WORK REQUEST:
Repeat the data that follows verbatim. Images are not part of the copy.

SOURCE DATA:

--- START ---

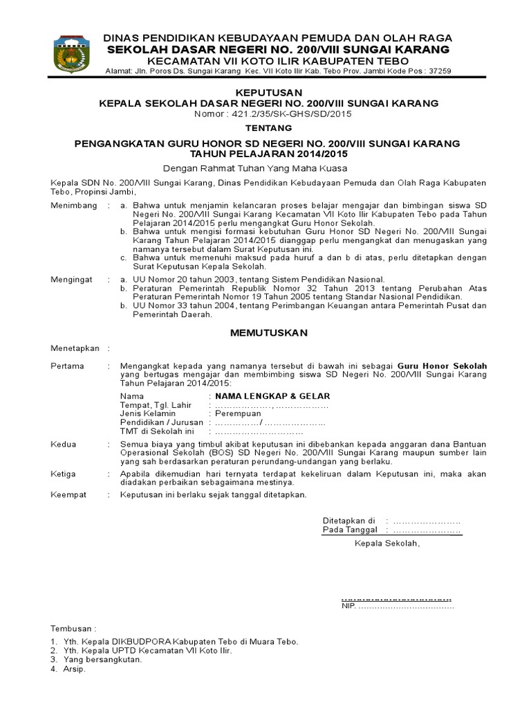 Contoh Sk Pengangkatan Guru Honorer Smk Guru Paud
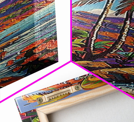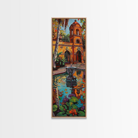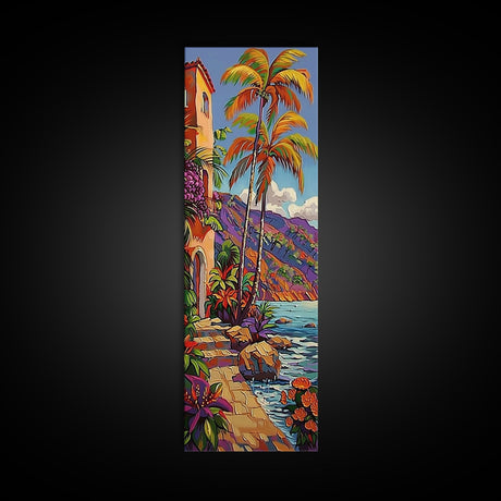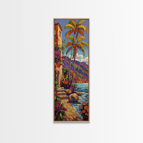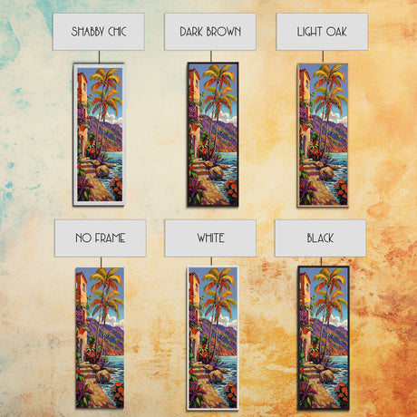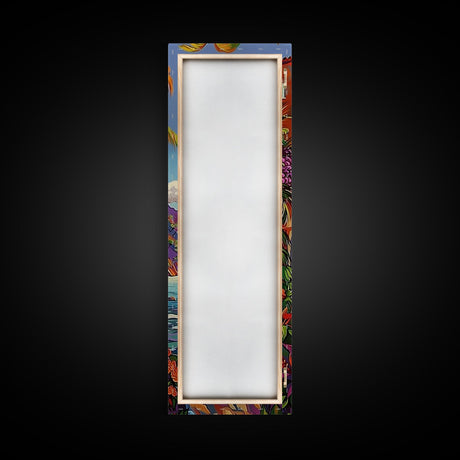 Abstract Rainbow and Waterfall Framed Canvas Print - Tall Skinny Japanese Style Wall Art
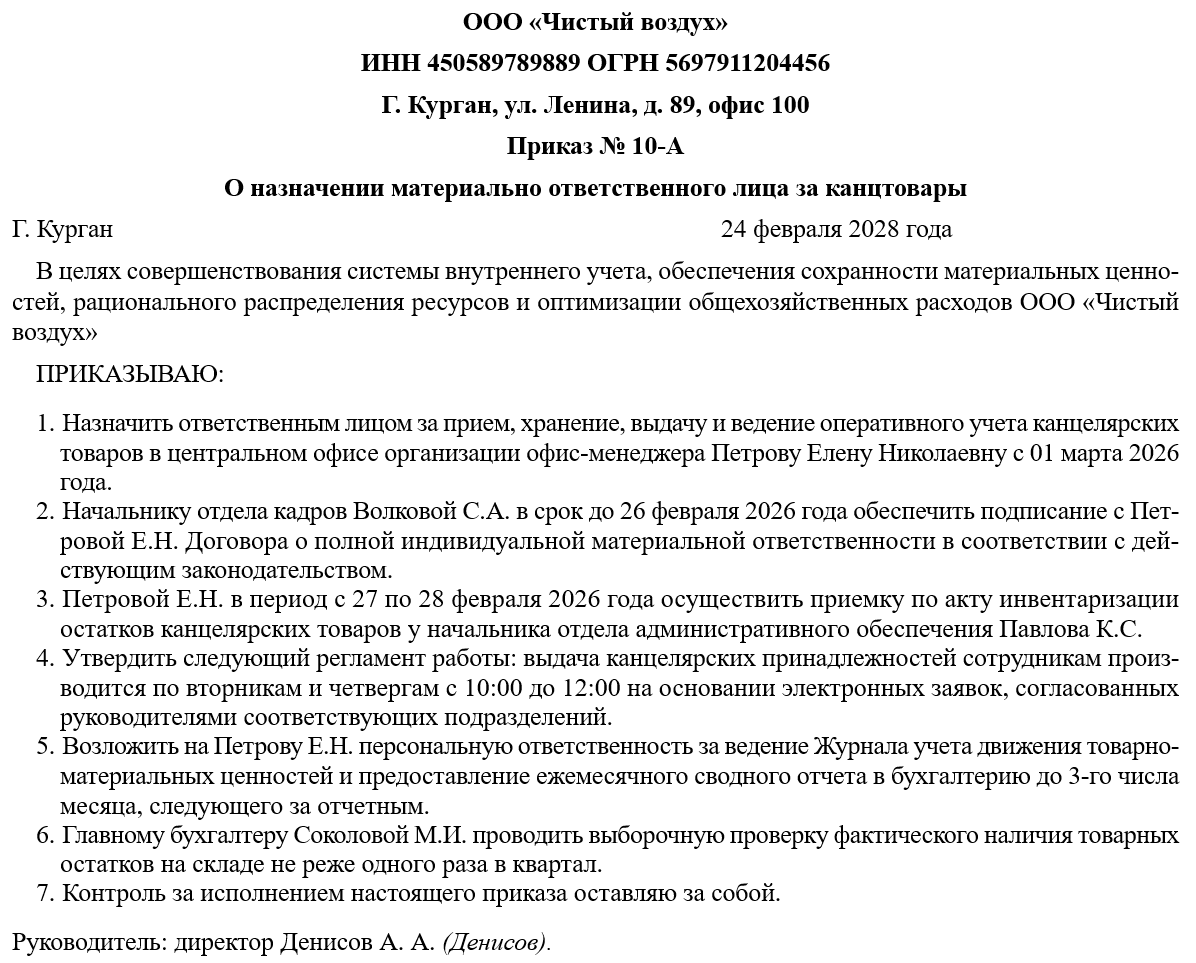 В системе трудового права и внутреннего аудита приказ выполняет функцию официального делегирования исключительных полномочий по управлению частью движимого имущества работодателя. Его суть заключается в закреплении за конкретным должностным лицом персональных обязанностей по приему, надежному хранению и регламентированной выдаче расходных материалов, а также по ведению сопутствующей отчетности, приравненной к первичной документации. Это позволяет высшему руководству полностью делегировать операционные задачи снабжения нижестоящим звеньям, сохраняя при этом инструменты тотального контроля над движением денежных средств, воплощенных в материальных запасах.
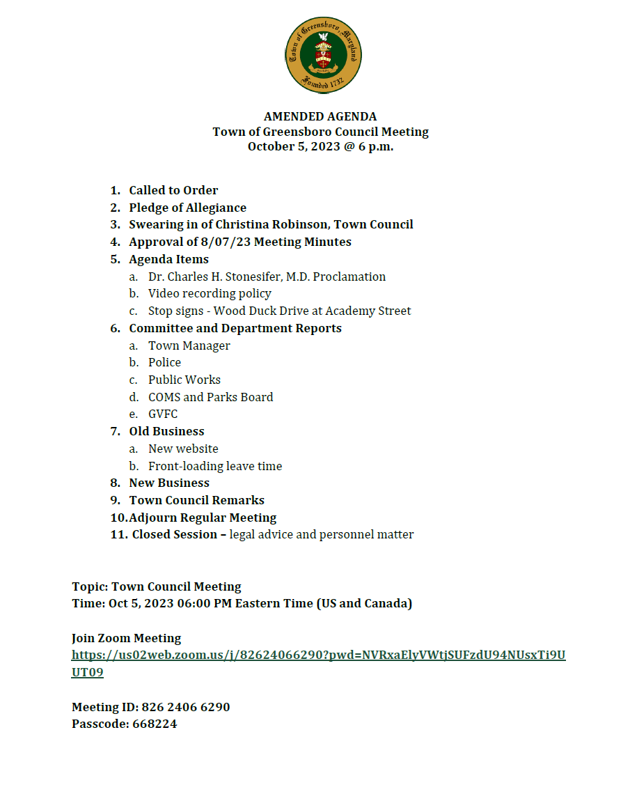 The agenda for each Town Council meeting is posted here when available and reposted when changes are made prior to the meeting.

--- END ---

FINISHED EXERCISE:
 Contoh Sk Pengangkatan Guru Honorer Smk Guru Paud
 Abstract Rainbow and Waterfall Framed Canvas Print - Tall Skinny Japanese Style Wall Art
 В системе трудового права и внутреннего аудита приказ выполняет функцию официального делегирования исключительных полномочий по управлению частью движимого имущества работодателя. Его суть заключается в закреплении за конкретным должностным лицом персональных обязанностей по приему, надежному хранению и регламентированной выдаче расходных материалов, а также по ведению сопутствующей отчетности, приравненной к первичной документации. Это позволяет высшему руководству полностью делегировать операционные задачи снабжения нижестоящим звеньям, сохраняя при этом инструменты тотального контроля над движением денежных средств, воплощенных в материальных запасах.
 The agenda for each Town Council meeting is posted here when available and reposted when changes are made prior to the meeting.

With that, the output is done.